A galeras jamás llevan los nobles. 
Alejandro. 
 Mal habéis nuestra audiencia conocido: 
aquí no hay más nobleza que buen gusto. 
 Don Teodoro. 
Si aquí no se platica otra nobleza, 
sin duda estoy con voz en gran bajeza. 
 
Vanse el Alguacil y Don Teodoro.
 
Alejandro. 
 ¿Qué os parece del bárbaro? 
 Marcelo. 
 Me admira. 
¡Líbreme el cielo de un error tan necio!, 
que si él no me tiene de su mano, 
por gusto será de mí tirano. 
 (Entran el Alguacil y el Maldiciente) 
¿Otro viene a visita? 
 Maldiciente. 
¡Gentil cosa, 
pretender censurar el gusto mío 
y ser legislador de mi albedrío ! 
 Alejandro. 
¿Quién sois? 
Maldiciente. 
El mejor gusto de la corte. 
Alejandro. 
¡.Oh, qué poco lo habéis encarecido! 
 Maldiciente. 
¿Pues yo me acuso del?
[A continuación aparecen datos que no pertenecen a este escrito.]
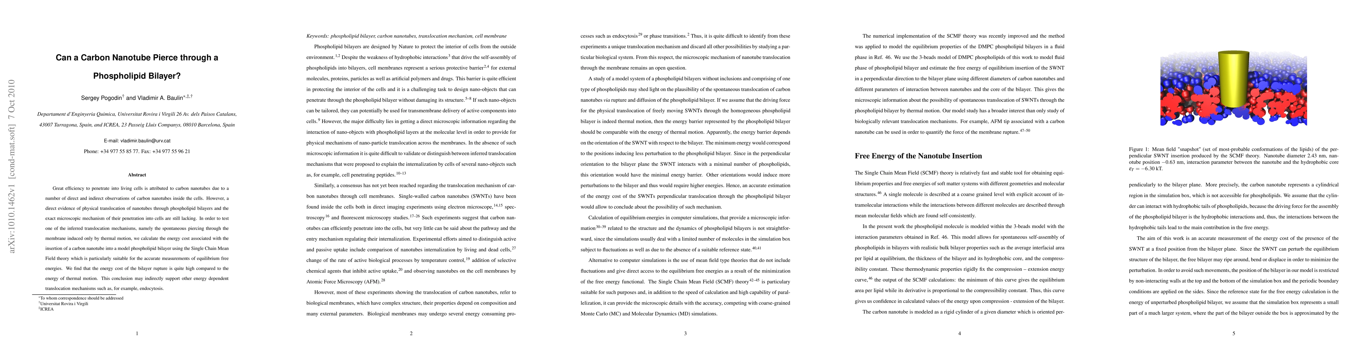 This study investigates whether carbon nanotubes can spontaneously pierce through phospholipid bilayers using computational methods. The results suggest that the energy cost for such a rupture is significantly higher than the thermal energy available, indicating that spontaneous piercing is unlikely and supporting alternative energy-dependent mechanisms like endocytosis for nanotube entry into cells.

No le consiento. 
 Alejandro.
 Vaya de gusto. 
 Maldiciente. 
 Vaya norabuena. 
Mi gusto es no tener en nada gusto 
de cuanto hacen o dicen otros hombres, 
y aun me ofenden las flores y las luces. 
Murmuro yo de Abril las galas bellas, 
y censuro el ornato en las estrellas. 
Cuanto se representa en los teatros , 
sin saberlo imitar, lo escandalizo, 
que me precio de ser escandaloso. 
 Alejandro. 
Decid: ¿pretendéis gajes por gracioso? 
Hablad de veras. 
 Marcelo. 
 Él se está burlando. 
 Maldiciente. 
¡Vive Dios, que de veras voy hablando! 
Alejandro. 
Hombre, vete a vivir entre los áspides; 
vomita tu veneno con las sierpes, 
y no quieras , cual falso cocodrilo, 
emponzoñar la corte con tu estilo. 
¿No vives despreciado y miserable? 
 Maldiciente. 
Antes muchos me aplauden y hacen fiesta. 
 Alejandro. 
¡Que se haga aplauso a lengua tan molesta!... 
 Maldiciente. 
Sígueme gran cortejo de mozuelos, 
que dicen que hablo mal con muy buen gusto, 
y juran que no hay gusto más suave. 
 Alejandro. 
 ¡El diablo que lo enseña, te lo alabe! 
 Alguacil. 
 ¿Qué hemos de hacer deste hombre peligroso, 
pues son peligros todas sus razones? 
 Alejandro. 
Échale a un muladar, para que vea 
cuan bien en tal lugar su lengua emplea. 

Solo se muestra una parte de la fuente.